The Integrated Arts is a model designed to offer support, extension, and supplementary experiences in content areas through interdisciplinary arts activities. The Common Core Standards' emphasis on developing depth and rigor in thought and the ability to communicate relevant information with increasing skill provides the necessary impetus for this model. Content will be viewed through many lenses, allowing the entirety of relevant ideas to be processed and applied broadly and with added depth. Work with visual arts, music, drama, literature, writing, technology, and design will be incorporated and collaboration with classroom teachers will be ongoing. As Yeats wrote, "Education is not the filling of a pail, but the lighting of a fire". The Integrated Arts is an opportunity to light a very purposeful, very directed fire.

Friday, February 28, 2014

Portrait Boxes inspired by Joseph cornell








As each grade level is tasked with creating self-portraits of varied complexity and representational quality, I consider the developmental ability of the students to grapple with abstraction and their technical abilities to grapple with the task of making an object. In fourth grade, students are beginning to understand themselves as individuals and can also begin to work with abstraction in basic symbolism.

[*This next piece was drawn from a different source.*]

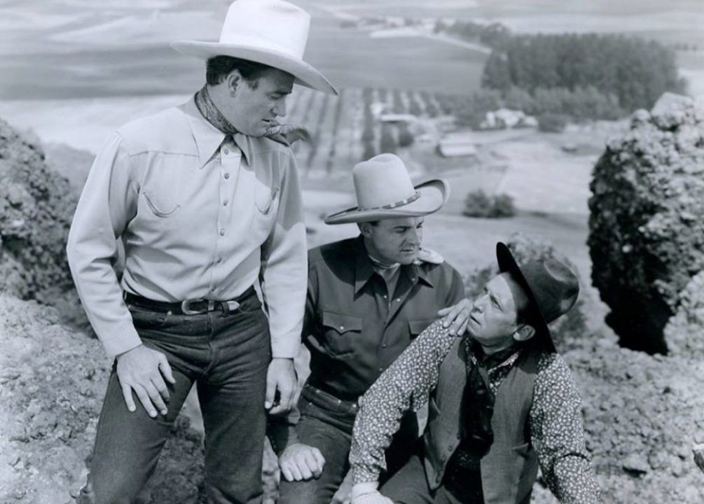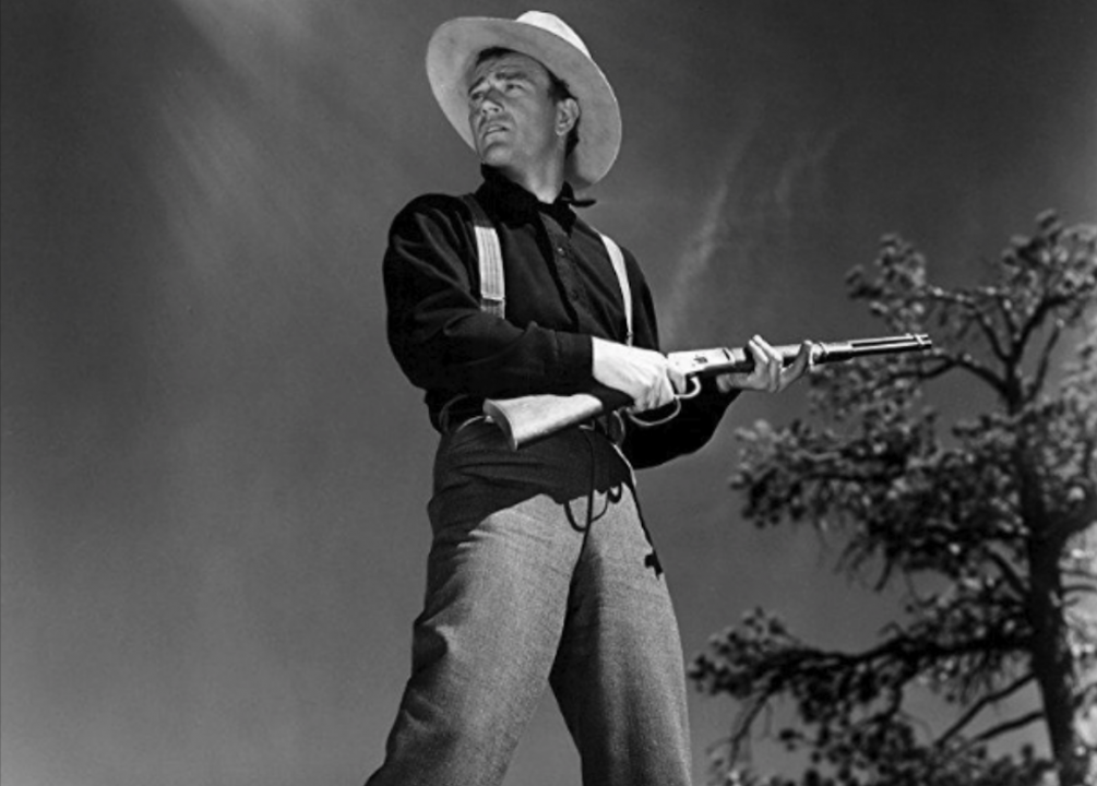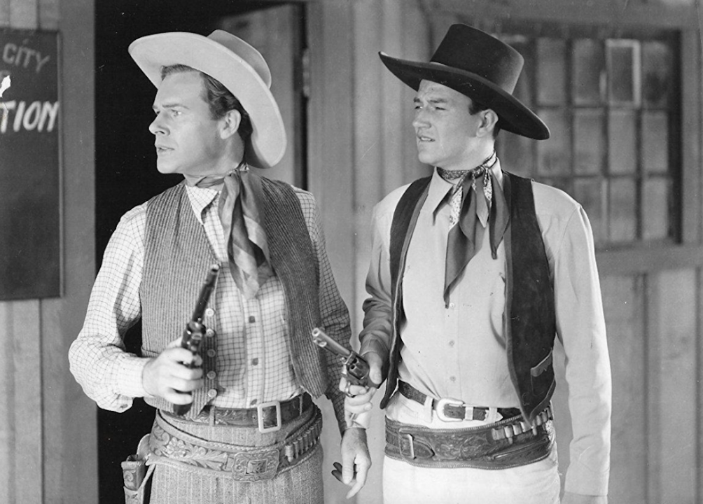 Released in 1939, this low-budget, “Poverty Row” Western stars Wayne as Stony Brooke (seriously), leader of a vigilante gang. Wayne and his co-stars battle an evil landlord who controls and taxes everything on his 13-million acre ranch. Wayne’s men attack at night, earning the nickname, “Night Riders.”

With this in mind we have begun to design portrait boxes as a way to show who we are. Inspired by the subtle work of Joseph Cornell, students began by working through a series of questions about themselves that were then turned into appropriate visual symbols to be included inside their boxes. Then students were taught to create a box out of only flat cardboard. This step involves a fair helping of math work as well as some great spatial engineering work. Seeing the students make choices about what kind of box they wanted to create and then think through the practical considerations of how to make such a box was inspiring. The engineering and math thought that was apparent became the topic of good conversations.

After the box was made students were asked to select fabric, ribbon, lacing, buttons, and other textiles to give their box a representational "skin". These choices again were to reflect a part of the students' self. Next comes the inclusion of small and meaningful items both drawn and gathered from the home and in class that can be mounted within the box.

And of course I must take the opportunity to revisit the appropriate proportionality of portrait drawing. There will be a proper, fully representational self-portrait included in each box alongside all of the symbolic portraiture.

Finally, a poem, written with simple and direct metaphors, is crafted and added to the box. Using metaphor allows us to visit again the idea of symbolism in creative art in an obvious way.

Though these projects take a while to complete, they offer a multi-disciplinary, multi-media, and complex problem-solving task that allows for rich, thoughtful learning and self-expression.